In any dry part of the country (and we certainly qualify for that!), evaporative cooling is a technology that costs much less for any given cooling capacity. This technology (which comes in several forms) leverages a simple fact about water: it absorbs a lot of heat (2272 Joules) for each gram of water evaporated. Our air conditioner is a “five ton” unit (60,000 BTU/hour). To provide an equivalent amount of cooling, we'd need to evaporate water at the rate of about 7.4 gallons per hour.
Two forms of evaporative cooling are common in homes in certain areas of the U.S.: misting systems and “swamp coolers”. Misting systems force water at high pressure through tiny holes, creating extremely fine droplets that evaporate almost immediately, cooling down the air around them. Many people in Arizona, New Mexico, and other places use misting systems to cool their patios. There are a few of these in the San Diego area, but they are not common. Swamp coolers work by blowing air through a porous pad that is kept wet, usually by rolling the pad continuously through a tub of water. The air is then routed into the home, directly cooling the house. These systems are common in some areas (again, in Arizona and New Mexico), but they have one big drawback: they raise the humidity in the house to undesirably high levels.

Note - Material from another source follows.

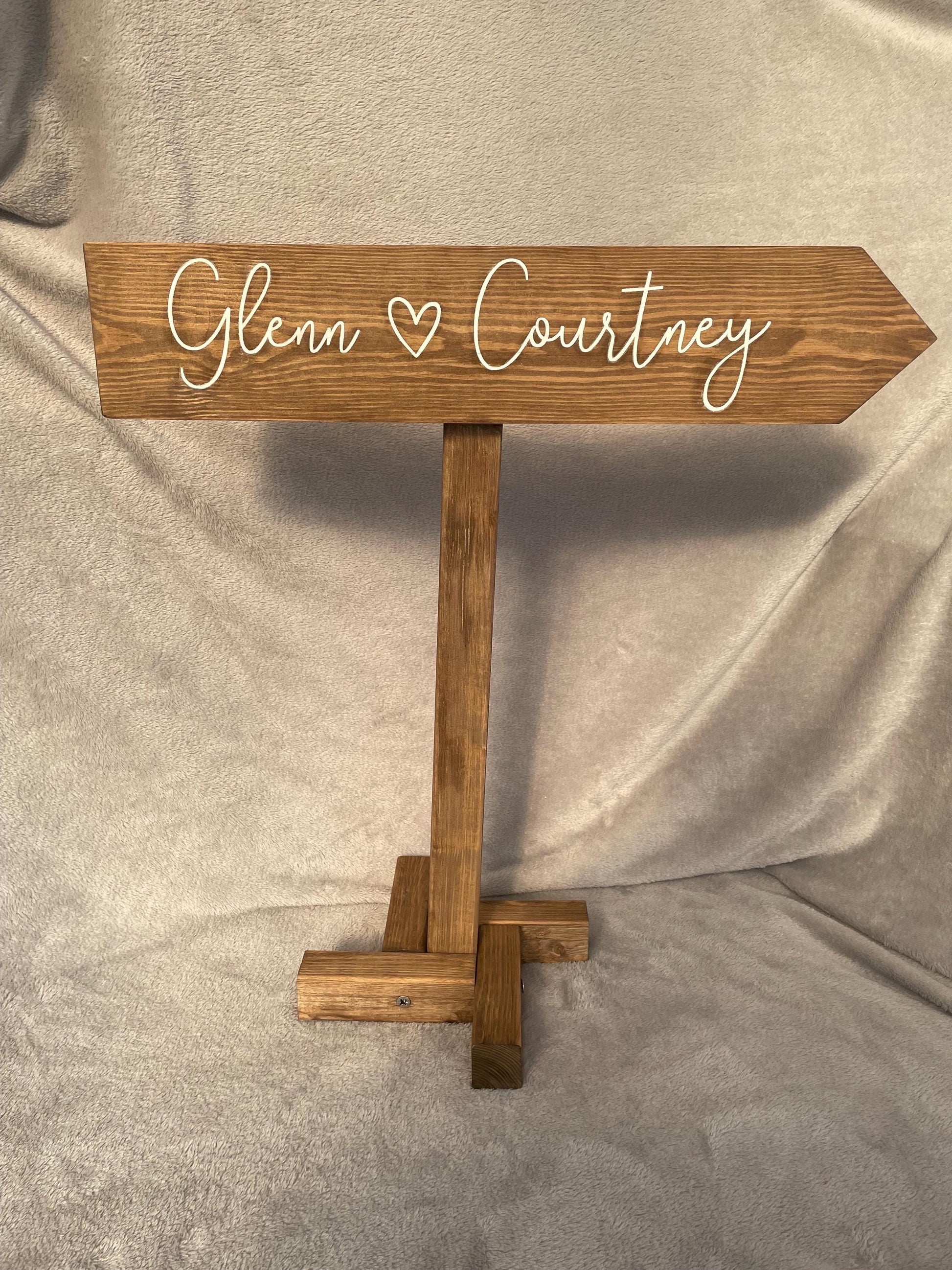 Personalised, RUSTIC, freestanding, wooden event direction sign.

The third form of evaporative cooling technology isn't found (to my knowledge) in homes at all, though it is quite common in industrial buildings. This is the “forced-draft cooling tower”, which works by forcing air over droplets of water to cool the water. A conventional heat exchanger then runs a separate loop (of refrigerant or chilled water) to heat exchangers in the building being cooled. These cooling tower system are slightly less efficient than swamp coolers (as there are some thermal losses in the heat exchanger loop), but they have the great advantage of not humidifying the air in the building being cooled. The only reason I can think of that these are not used for homes is that they are relatively complex pieces of machinery. A small capacity cooling tower is just as complex as a large one, and would probably be much more expensive to build than a small capacity refrigerant-based air conditioner. But much cheaper to run!
To cool our home on a typical summer day, I estimate that we'd have to evaporate about 40 gallons of water. I'm exploring the notion of building my own cooling tower to replace our conventional system. The basic engineering challenge is to create enough droplets, with air blowing over them, to evaporate water at the required rate of 7.4 gallons/hour; I've not yet found any reference that would help me design this. The rest of it is very straightforward, basically just plumbing.
Any “evaporation engineers” out there?